The only way to obtain the desired result portably across compilers and compiler versions is to do it yourself. For the next few years, at least.
Depending on f0 and g0, it might be as simple as doing a strict left fold with appropriate accumulator type and combining function, like the famous average
data P = P {-# UNPACK #-} !Int {-# UNPACK #-} !Double
average :: [Double] -> Double
average = ratio . foldl' count (P 0 0)
where
ratio (P n s) = s / fromIntegral n
count (P n s) x = P (n+1) (s+x)
but if the structure of f0 and/or g0 doesn't fit, say one's a left fold and the other a right fold, it may be impossible to do the computation in one traversal. In such cases, the choice is between recreating l and storing l. Storing l is easy to achieve with explicit sharing (where l = map h [1..n]), but recreating it may be difficult to achieve if the compiler does some common subexpression elimination (unfortunately, GHC does have a tendency to share lists of that form, even though it does little CSE). For GHC, the flags fno-cse and -fno-full-laziness can help avoiding unwanted sharing.

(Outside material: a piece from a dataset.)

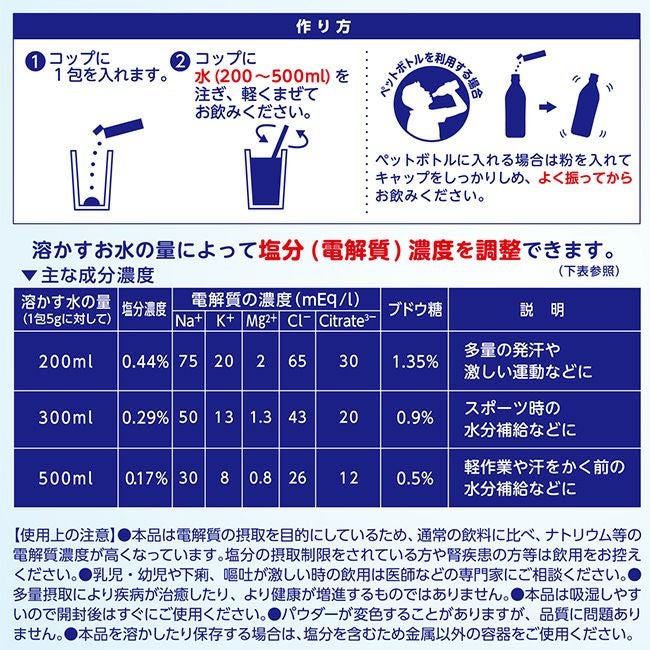 成分(1包あたり):エネルギー 14.5kcal、食塩相当量 0.9g、カリウム 157.3mg、マグネシウム 4.8mg、カルシウム 9.6mg、その他(ブドウ糖、海塩など)

Finite difference in Haskell, or how to disable potential optimizations

I'd like to implement the following naive (first order) finite differencing function:
finite_difference :: Fractional a => a -> (a -> a) -> a -> a
finite_difference h f x = ((f $ x + h) - (f x)) / h
As you may know, there is a subtle problem: one has to make sure that (x + h) and x differ by an exactly representable number. Otherwise, the result has a huge error, leveraged by the fact that (f $ x + h) - (f x) involves catastrophic cancellation (and one has to carefully choose h, but that is not my problem here).
In C or C++, the problem can be solved like this:
volatile double temp = x + h;
h = temp - x;
and the volatile modifier disables any optimization pertaining to the variable temp, so we are assured that a "clever" compiler will not optimize away those two lines.
I don't know enough Haskell yet to know how to solve this. I'm afraid that
let temp = x + h
hh = temp - x
in ((f $ x + hh) - (f x)) / h
will get optimized away by Haskell (or the backend it uses). How do I get the equivalent of volatile here (if possible without sacrificing laziness)? I don't mind GHC specific answers.
I have two solutions and a suggestion:
First solution: You can guarantee that this won't be optimized out with two helper functions and the NOINLINE pragma:
norm1 x h = x+h
{-# NOINLINE norm1 #-}
norm2 x tmp = tmp-x
{-# NOINLINE norm2 #-}
normh x h = norm2 x (norm1 x h)
This will work, but will introduce a small cost.
Second solution: Write the normalization function in C using volatile and call it through the FFI. The performance penalty will be minimal.
Now for the suggestion: Currently the math isn't optimized out, so it will work properly at present. You're afraid it will break in a future compiler. I think this is unlikely, but not so unlikely that I wouldn't want to guard against it also. So write some unit tests that cover the cases in question. Then if it does break in the future (for any reason), you'll know exactly why.
One way is to look at the Core.
Specializing to Doubles (which will be the case most likely to trigger some optimization):
finite_difference :: Double -> (Double -> Double) -> Double -> Double
finite_difference h f x = ((f $ x + hh) - (f x)) / h
where
temp = x + h
hh = temp - x
Is compiled to:
A.$wfinite_difference h f x =
case f (case x of
D# x' -> D# (+## x' (-## (+## x' h) x'))
) of
D# x'' -> case f x of D# y -> /## (-## x'' y) h
And similarly (with even less rewriting) for the polymorphic version.
So while the variables are inlined, the math isn't optimized away.
Beyond looking at the Core, I can't think of a way to guarantee the property you want.
I don't think that
temp = unsafePerformIO $ return $ x + h
would get optimised out. Just a guess.